Britânica, 23, morta pelo pai no Texas por briga política

Lucy Harrisson supostamente discutiu com o pai sobre Donald Trump. Crédito / Cheshire Police e Getty Images

Uma britânica de 23 anos foi morta a tiros enquanto estava hospedada com o pai no Texas no ano passado após os dois discutirem sobre o presidente Donald Trump, ouviu-se em um inquérito.

Segundo relatos, Lucy Harrison, 23, foi baleada e morta enquanto estava na casa do pai, Kris Harrison, em Prosper, no Texas.

Lucy, compradora de moda de Warrington, no Reino Unido, havia viajado para os Estados Unidos com o namorado, Sam Littler. O casal deveria voltar para casa no dia 10 de janeiro de 2025.

No entanto, no dia da viagem de retorno, Lucy foi morta a tiros pelo próprio pai, com um inquérito no Tribunal do Coroner de Cheshire, no Reino Unido, ouvindo Littler afirmar que os dois estavam “tendo uma discussão bastante grande”.

Littler relembrou que Lucy e o pai frequentemente discordavam por causa de posições políticas diferentes, incluindo o tema da posse de armas.

A Sky News informa que os dois discutiam sobre Donald Trump em 10 de janeiro de 2025, com Lucy tendo perguntado a Kris como ele se sentiria se ela fosse vítima de abuso sexual.

Lucy Harrison. Crédito: Cheshire Police

O pai teria respondido que não ficaria tão abalado, supostamente mencionando que tem outras duas filhas que moram com ele.

Littler disse que as palavras de Kris fizeram Lucy “correr para o andar de cima” por estar “muito chateada”.

O namorado também afirmou que, em seguida, Kris pegou Lucy pela mão e a levou até o quarto dele, no térreo da casa.

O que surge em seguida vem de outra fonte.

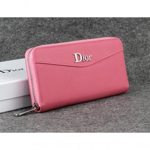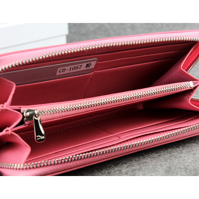 Dior Cowhide Leather Long Leather Wallet 1057 Pink

Cerca de 15 segundos depois, Littler relembrou ter ouvido um barulho alto repentino e Kris gritando pela esposa.

Lembro de correr para o quarto e Lucy estava caída no chão perto da entrada do banheiro, e Kris estava apenas gritando, falando coisas sem sentido, disse Littler.

Kris Harrison foi ouvido gritando não sei, não sei, ligue para o 911, momentos após o disparo, segundo o inquérito.

Um grande júri decidiu que ninguém seria processado pela morte de Lucy, recusando-se a indiciar Kris em junho de 2025.

O inquérito no Reino Unido ouviu que Kris já havia passado por reabilitação por dependência de álcool, e o próprio pai admitiu em uma declaração enviada ao tribunal que teve uma recaída no dia do tiro, bebendo cerca de 500 ml de vinho branco.

Kris disse em comunicado: Não há um dia em que eu não sinta o peso dessa perda – um peso que carregarei pelo resto da vida, e sei que nada do que eu diga pode aliviar a dor que essa tragédia causou.

Ele concluiu: Sinto profundamente pela dor que outros sentem com essa tragédia. O espírito de Lucy – seu calor, seu humor, sua bondade – continuará vivo em todos nós que a amamos.